# [Records for this task]
+++
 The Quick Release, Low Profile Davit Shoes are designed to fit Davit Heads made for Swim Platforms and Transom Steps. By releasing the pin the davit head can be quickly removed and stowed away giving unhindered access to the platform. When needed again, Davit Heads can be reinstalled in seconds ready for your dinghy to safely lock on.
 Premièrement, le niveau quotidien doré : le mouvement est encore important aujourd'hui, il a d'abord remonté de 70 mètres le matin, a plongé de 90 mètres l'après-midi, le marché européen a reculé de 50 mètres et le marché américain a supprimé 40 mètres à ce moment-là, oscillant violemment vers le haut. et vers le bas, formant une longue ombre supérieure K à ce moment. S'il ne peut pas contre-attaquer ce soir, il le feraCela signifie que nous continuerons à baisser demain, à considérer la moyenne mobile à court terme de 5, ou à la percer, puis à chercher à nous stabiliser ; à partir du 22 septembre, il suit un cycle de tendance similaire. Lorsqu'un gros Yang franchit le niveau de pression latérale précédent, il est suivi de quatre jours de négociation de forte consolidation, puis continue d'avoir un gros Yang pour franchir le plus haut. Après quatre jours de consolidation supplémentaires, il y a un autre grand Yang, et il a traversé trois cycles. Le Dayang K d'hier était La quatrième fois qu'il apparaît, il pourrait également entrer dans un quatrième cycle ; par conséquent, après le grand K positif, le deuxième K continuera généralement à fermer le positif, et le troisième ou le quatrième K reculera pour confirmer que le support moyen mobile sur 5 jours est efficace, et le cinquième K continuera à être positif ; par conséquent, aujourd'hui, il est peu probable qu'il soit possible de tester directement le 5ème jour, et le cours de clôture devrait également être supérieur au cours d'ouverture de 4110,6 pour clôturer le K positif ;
+++
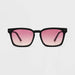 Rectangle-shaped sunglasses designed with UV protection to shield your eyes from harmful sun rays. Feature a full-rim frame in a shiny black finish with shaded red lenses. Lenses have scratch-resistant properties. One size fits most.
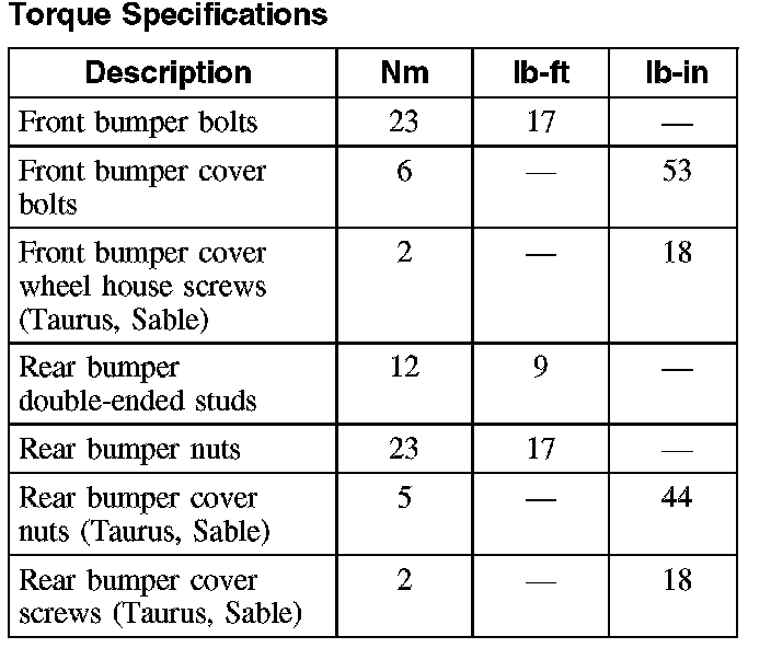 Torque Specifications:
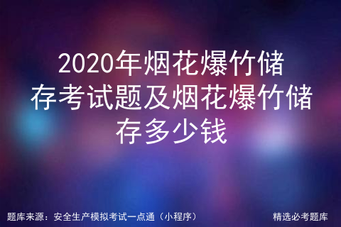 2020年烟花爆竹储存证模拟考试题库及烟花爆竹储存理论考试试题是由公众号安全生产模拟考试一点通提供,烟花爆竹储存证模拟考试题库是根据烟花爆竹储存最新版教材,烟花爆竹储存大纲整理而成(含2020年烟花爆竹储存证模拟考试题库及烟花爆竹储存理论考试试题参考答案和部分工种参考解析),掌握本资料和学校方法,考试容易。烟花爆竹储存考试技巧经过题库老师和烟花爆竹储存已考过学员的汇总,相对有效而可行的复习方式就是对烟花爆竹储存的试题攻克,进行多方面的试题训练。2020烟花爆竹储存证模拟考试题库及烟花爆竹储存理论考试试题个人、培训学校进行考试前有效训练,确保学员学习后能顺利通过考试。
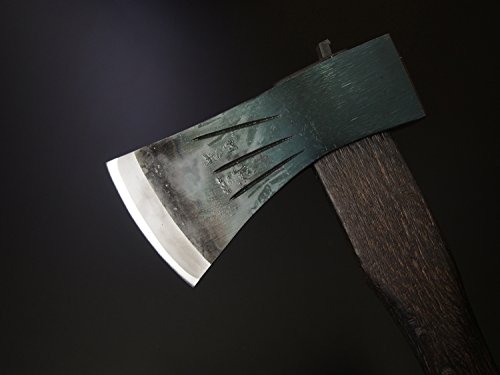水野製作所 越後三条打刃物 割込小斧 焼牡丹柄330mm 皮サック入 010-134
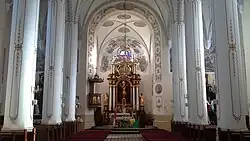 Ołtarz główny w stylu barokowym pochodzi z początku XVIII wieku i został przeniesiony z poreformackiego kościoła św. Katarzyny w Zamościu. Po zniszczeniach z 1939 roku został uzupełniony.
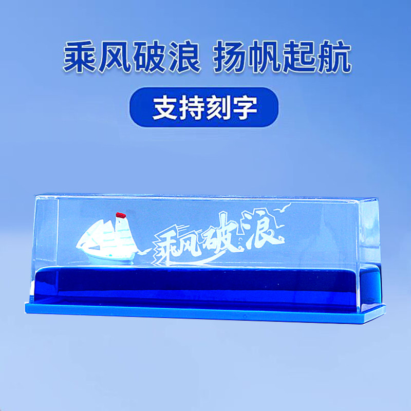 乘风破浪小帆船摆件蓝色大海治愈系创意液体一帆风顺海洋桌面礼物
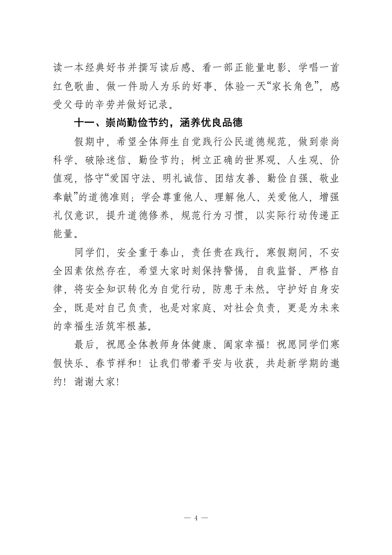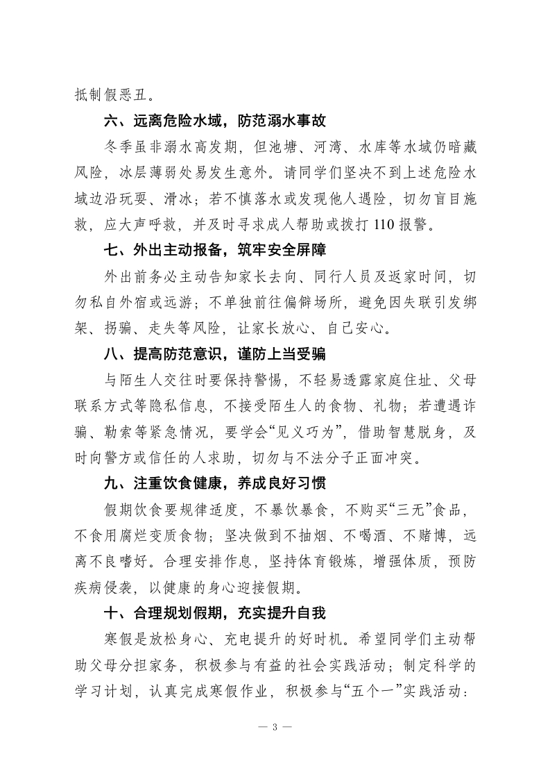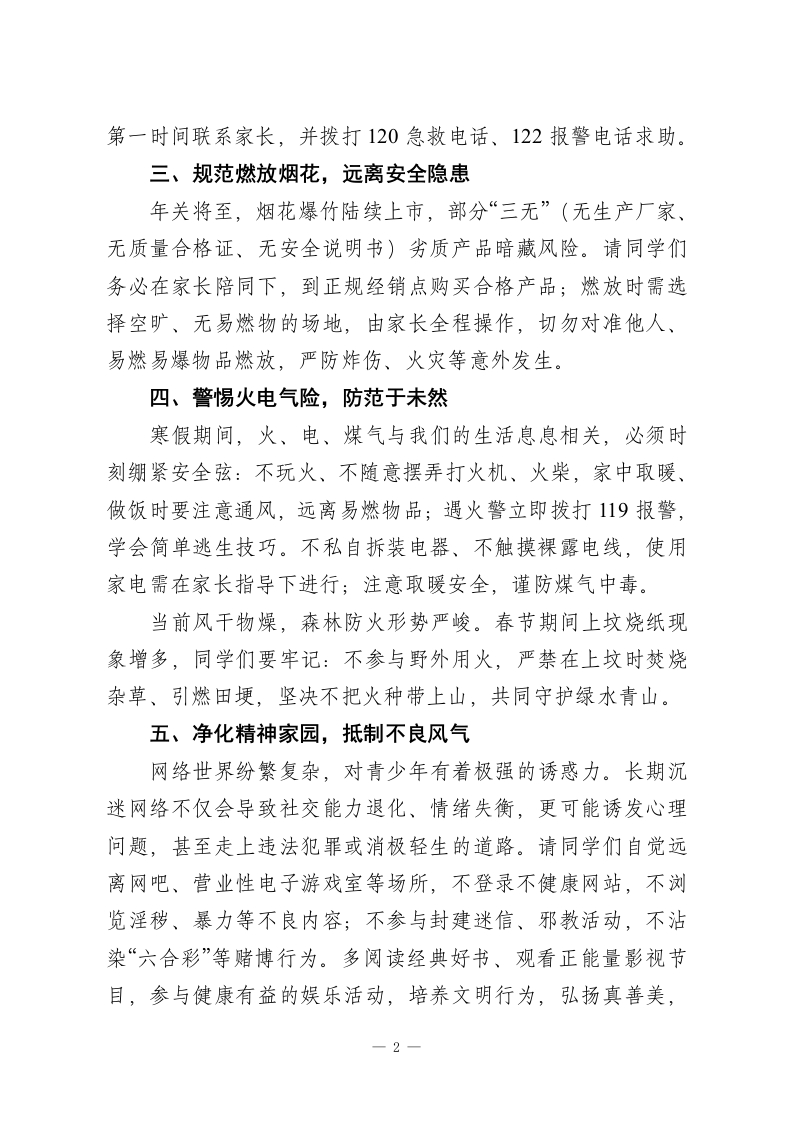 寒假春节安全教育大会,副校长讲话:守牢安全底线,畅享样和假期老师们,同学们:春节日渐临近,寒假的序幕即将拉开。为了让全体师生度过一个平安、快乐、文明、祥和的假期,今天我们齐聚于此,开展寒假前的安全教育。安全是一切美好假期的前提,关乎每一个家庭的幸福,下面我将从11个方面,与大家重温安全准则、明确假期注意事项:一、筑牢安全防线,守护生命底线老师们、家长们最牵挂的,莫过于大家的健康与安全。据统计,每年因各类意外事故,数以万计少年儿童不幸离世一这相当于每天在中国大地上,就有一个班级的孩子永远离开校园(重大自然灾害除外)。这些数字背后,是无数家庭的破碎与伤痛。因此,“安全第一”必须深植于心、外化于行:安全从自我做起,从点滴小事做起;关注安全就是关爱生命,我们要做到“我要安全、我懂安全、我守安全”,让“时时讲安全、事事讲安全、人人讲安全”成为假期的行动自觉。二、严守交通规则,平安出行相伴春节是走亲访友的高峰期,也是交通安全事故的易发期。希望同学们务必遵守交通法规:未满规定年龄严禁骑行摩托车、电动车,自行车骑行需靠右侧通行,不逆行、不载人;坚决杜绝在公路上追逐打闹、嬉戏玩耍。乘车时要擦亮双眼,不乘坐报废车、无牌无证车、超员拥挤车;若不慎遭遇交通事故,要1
+++
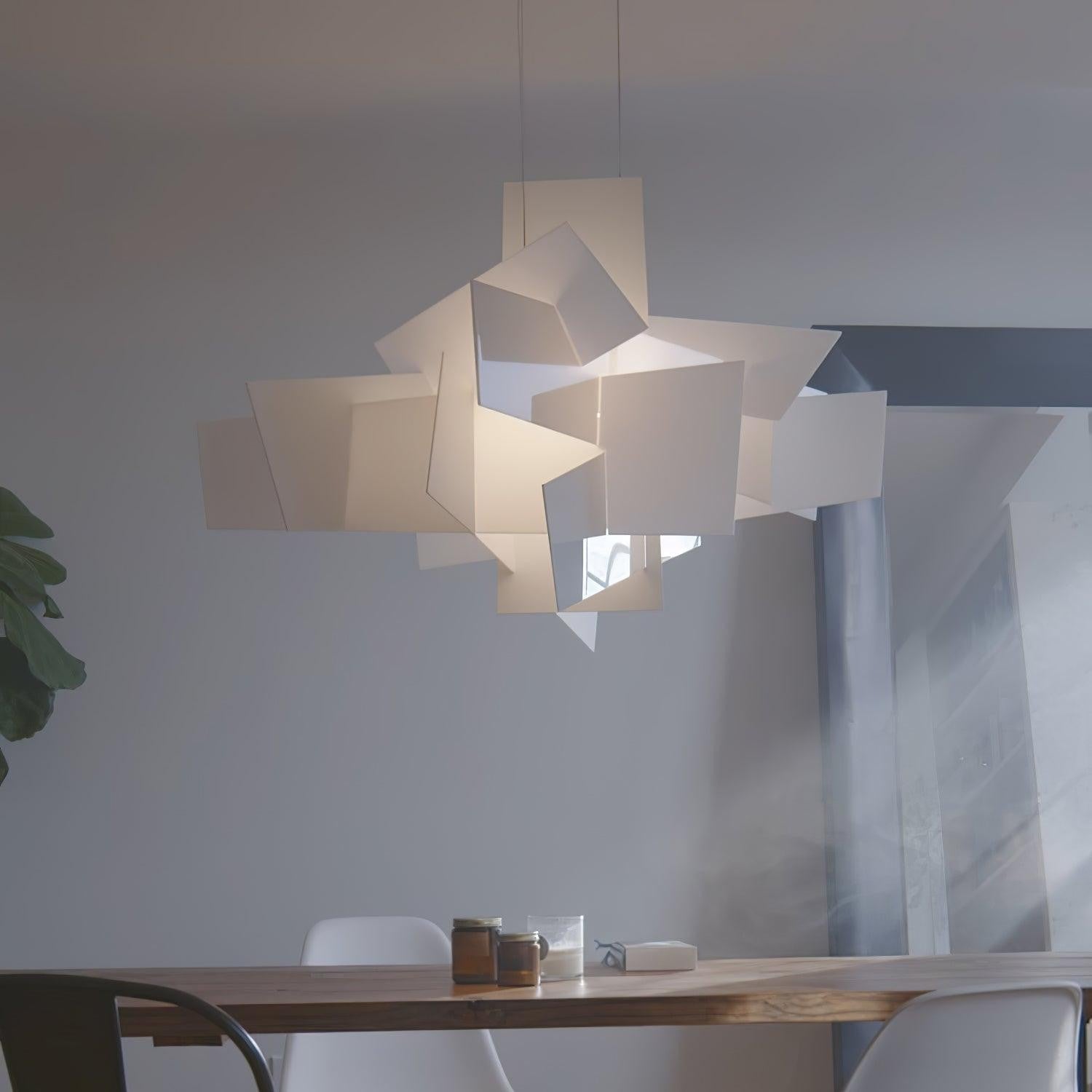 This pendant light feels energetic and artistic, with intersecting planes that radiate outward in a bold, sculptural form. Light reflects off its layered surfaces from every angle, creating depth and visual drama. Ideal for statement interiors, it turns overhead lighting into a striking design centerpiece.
+++
# [What this task involves]
In the records above, find the line containing "水野製作所 越後三条打刃物 割込小斧 焼牡丹柄330mm 皮サック入 010-134" and the line containing "乘风破浪小帆船摆件蓝色大海治愈系创意液体一帆风顺海洋桌面礼物", then give both of them again word for word along with every line between. Omit any pictures.

# [Exercise result]
水野製作所 越後三条打刃物 割込小斧 焼牡丹柄330mm 皮サック入 010-134
 Ołtarz główny w stylu barokowym pochodzi z początku XVIII wieku i został przeniesiony z poreformackiego kościoła św. Katarzyny w Zamościu. Po zniszczeniach z 1939 roku został uzupełniony.
 乘风破浪小帆船摆件蓝色大海治愈系创意液体一帆风顺海洋桌面礼物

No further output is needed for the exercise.